Chris Burns British, b. 1968

Contemporary artist Chris Burns’s work exists somewhere between painting, drawing, and printmaking embodied in a poetic expression of the life of the artist who exists “outside of everything.” In some instances, Burns’ work reminds one of the figural imagery of Francis Bacon, particularly in the areas of abstract swathes of paint that evoke a sense of ghostly erasure. And yet, much of Burns’ work has a spareness and minimalist approach to colour. This style is unexpectedly juxtaposed with a painterly attention to impasto surface and a calligraphic inscription of space.

 

Burns’s practice includes etchings and he often works in oil, ink, charcoal chalk and graphite, as well. His mixed media paintings are a network of texture, impasto and painterly inscription. Of this formal style one is reminded of the work of Jean Dubuffet and Chaim Soutine particularly in the haptic treatment of surface. However, Burns notes that his relationship to these modernist canons and or traditions is symbiotic. As the artist explains, such art historic legacies and histories are “not obsolete” within contemporary practice, but rather transformed through new interpretations and experiments. In this way, Burns’s work is connected to the practice of Dubuffet most closely in the sense that he shares with the modern master a commitment to innovation realised through unconventional or experimental studio practice. One such example is Burns’s ‘A Rakes Progress’: a series of paintings and etchings that serve as “a deconstruction of William Hogarth’s.  To create these images the artist began with Hogarth engravings and “took them through them through a process of editing and reconstruction and the re-etching of over seventy copper plates.” 

 

If Burns’s work is in part autobiographic, it is this story of making art that it is at the centre of the artistic narrative. Within this visual world, we see traces of the beginnings of ideas, the moment of painting in the artist’s brushstroke or the unveiling of surface through reduction, resulting in a tactile surface that has, at the same time, a powerful graphic sensibility. 

Burns emphasizes the importance of artistic exploration “It is the process of painting which draws out something far more ambiguous and complex…“I think of my work as deeply autobiographical, yet I never start with myself or autobiography, it’s only sometime later I recognise this.”

 

Through these experimental approaches, and an enduring commitment to the process of creating, Burns has constructed his own genre of picture making. In pictures of obscured and reworked scenes and portraits, an unsettling beauty permeates an impressive oeuvre of both graphic and painterly imagery. This new tableau of portraits possesses a quality of spectral memory, paired with a voluptuous handling of paint and colour, and inscribed moments of art history. 

 

Rosa JH Berland

 

KINGDOM
 
The original drawings for these etchings were made with a need to simplify my practice and I reduced it down to ink on paper hoping to develop a style and different approach to my subject matter. The animals  felt like a natural channel for self expression, though I didn't think of them as anthropomorphic, they were more about just being alive. An incredible influence in the early stages of these studies were the drawings of Nadia Chomyns; though the study of her work has largely focused on the developmental psychology aspect of her autism; for me as an artist her work liberated the process of drawing, they made me want to draw.

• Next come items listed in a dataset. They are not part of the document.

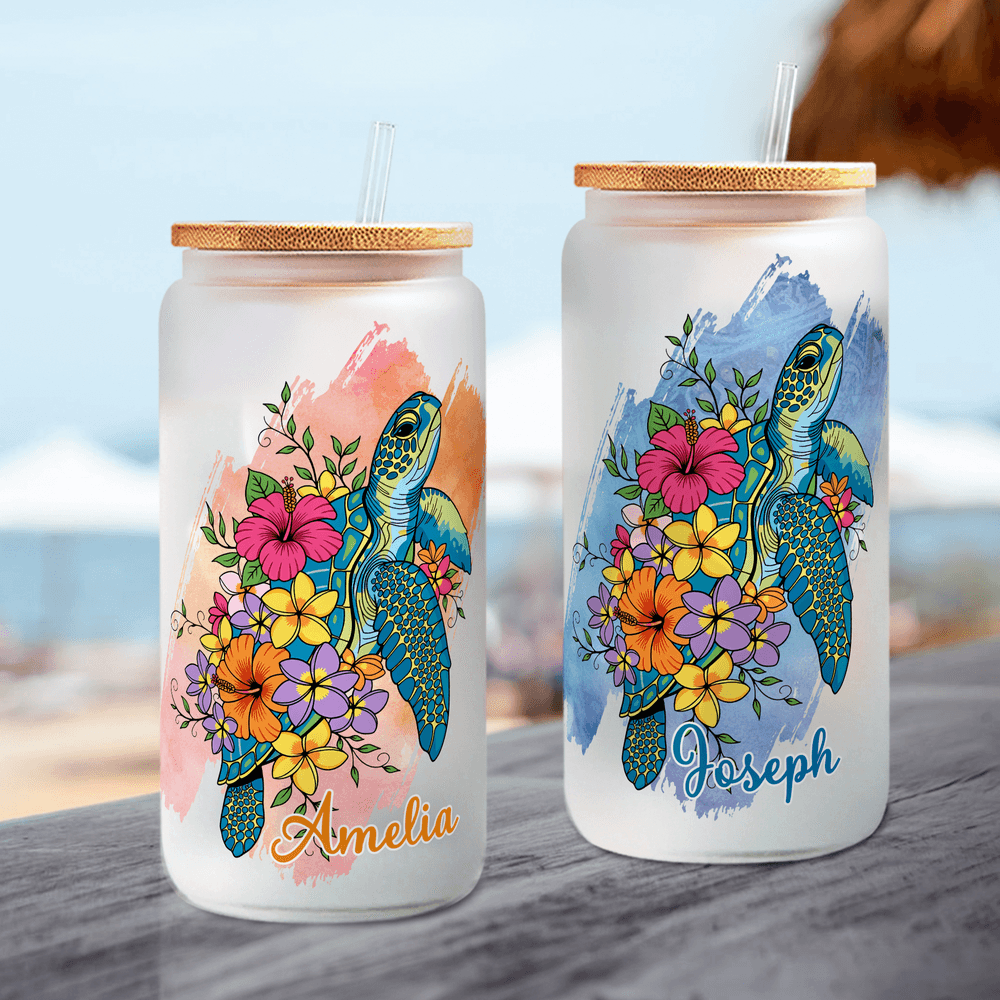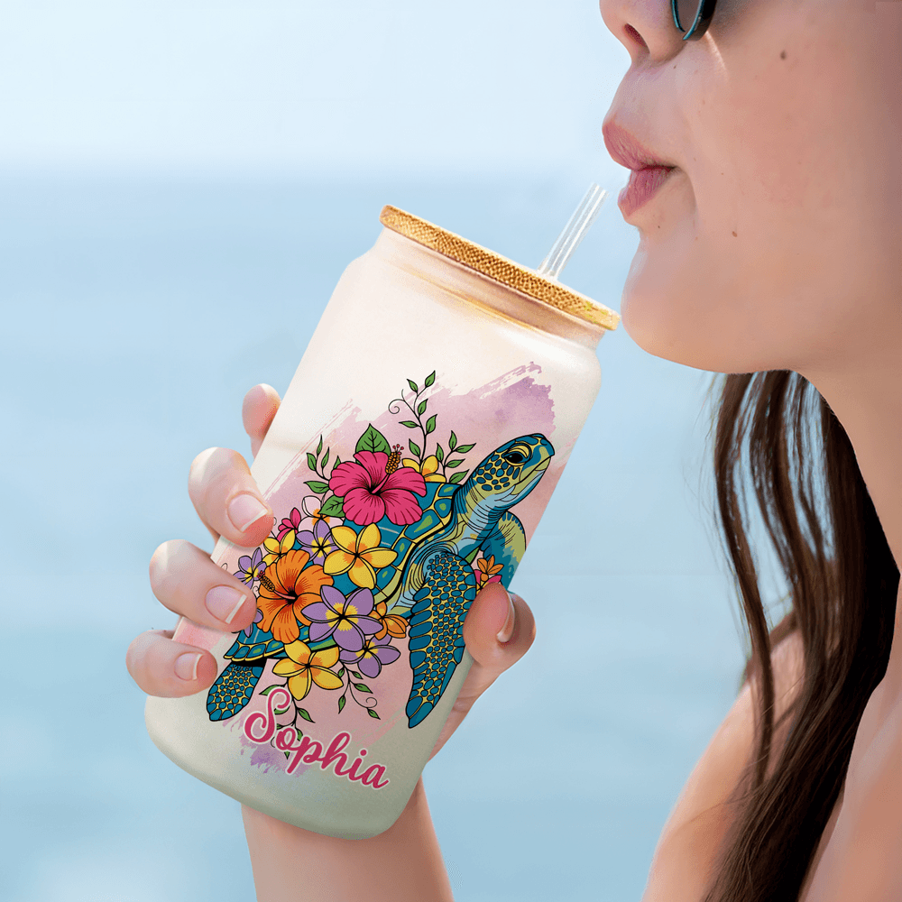 Con il romanticismo dell'oceano come ispirazione principale, questo design presenta una tartaruga marina circondata da fiori su uno sfondo di pennellate acquerellate, come se si tenesse tra le mani il rilassante ambiente marino. Il nome personalizzabile rende questo bicchiere un compagno davvero unico.
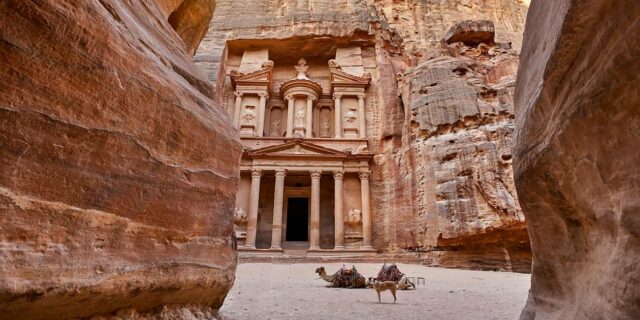 Petra est une cité antique située au sud-ouest de la Jordanie. C’était autrefois une ancienne capitale nabatéenne et est devenue l’un des plus grands joyaux de l’architecture et de l’ingénierie anciennes du Proche-Orient. Cette ancienne cité est entourée de falaises rouges et est célèbre pour ses monuments sculptés à même la roche, ses bâtiments complexes et ses trésors architecturaux. Petra est considérée comme l’une des sept merveilles du monde moderne et est inscrite au patrimoine mondial de l’UNESCO depuis 1985. Elle est connue pour ses structures de grès rouge et rose, sculptées à même la roche et qui datent de l’époque des Nabatéens, entre 400 avant J.-C. et 106 après J.-C. Les points forts de la ville sont le temple El-Deir, le tombeau de la reine, le tombeau du gouverneur, le Lion Triclinium et le tombeau du sacrifice. La ville est également célèbre pour ses nombreux trésors architecturaux, notamment ses escaliers, ses arcs, ses colonnes et ses fontaines.
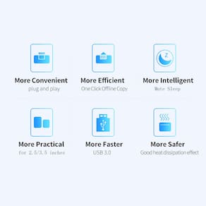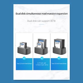 Esta docking station compatível com HDD/SSD de 2,5 polegadas ou 3,5 polegadas de até 16 TB por compartimento, oferece uma maneira mais conveniente de transmitir dados entre o disco rígido e o computador por meio de uma porta USB disponível.
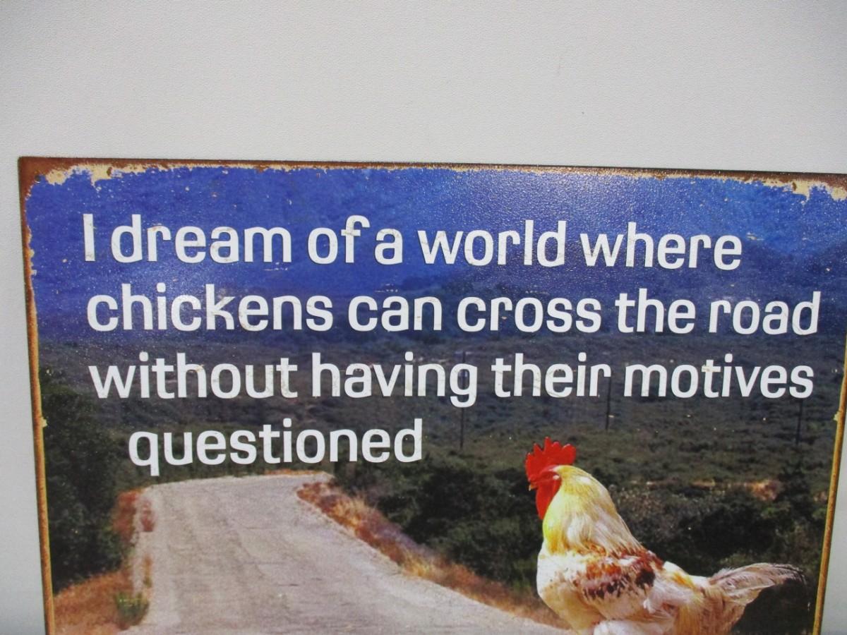 "I dream Of A World Where Chickens Can Cross The Road" Metal Sign
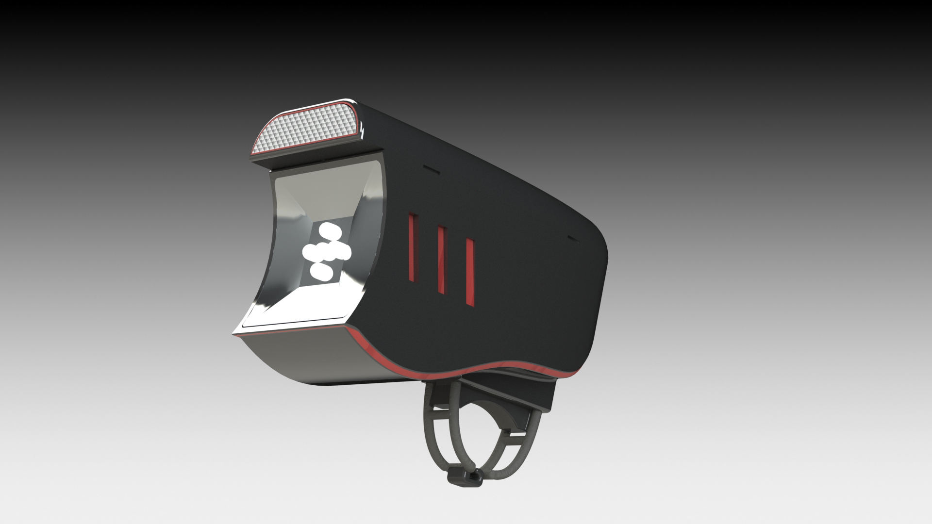 The next stage of the development process was translating a chosen design into solidworks and creating the different components which made up the assembly. The inclusion of a reflector at the front of the concept was paramount as road cycle accidents are a big concern in urban areas. The strap itself consisted of a silicone rubber wraparound hook which allows the light to stay uprighy whilst absorbing the vibration from the road.
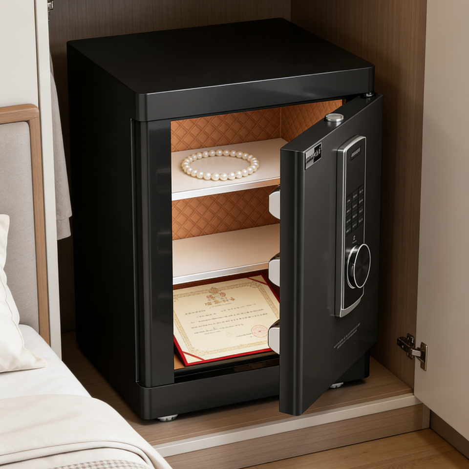 Coffre-fort W1-45 en acier avec serrure électronique à empreinte digitale et code, avec clé, taille moyenne, pour la maison, l'hôpital, l'école, la chambre, l'hôtel, la banque
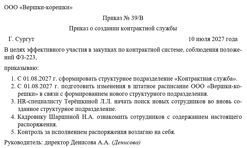 Приказ Генерального директора о создании контрактной службы является первичным правовым актом, легитимизирующим ее существование и деятельность. Он вступает в силу с даты подписания или с даты, указанной в тексте.
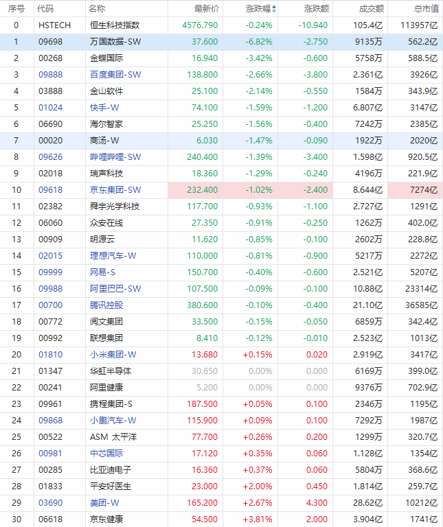科网股涨跌互现,美团涨2.67%,报165.2港元每股,小米微涨0.15%。网易、阿里、腾讯转跌,京东微跌1.11%,刘强东宣布辞任京东CEO;B站、快手跌逾1%,百度跌2.66%。

Not only was her line work and form incredibly inventive it also managed to capture something else: her cockerels, dogs and horses had a strong sense of personality, but not human, just living, those bold eyes staring out at you were hypnotic to me.
Later beyond reacting directly to Chomyns's work I could see that her development posed an interesting question about creativity;  her highly developed work was made deep in the isolation of her autism and as therapy helped her adjust outside of this and live a more balanced life, her incredible drawing ability became like any other child's work of her age, till eventually she actually stopped drawing.
 I made art because I found basic every day life unbearable, I sought isolation, I had no desire for a career or to even be an artist, I wanted liberty from expectation. The struggle was just being alive not art. Being on your own allowed streams of thought to follow their own paths; painting and drawing gives you something to do on your own and it became a way to communicate something to myself about being alive and I think these drawings of animals contain the spirit of this struggle.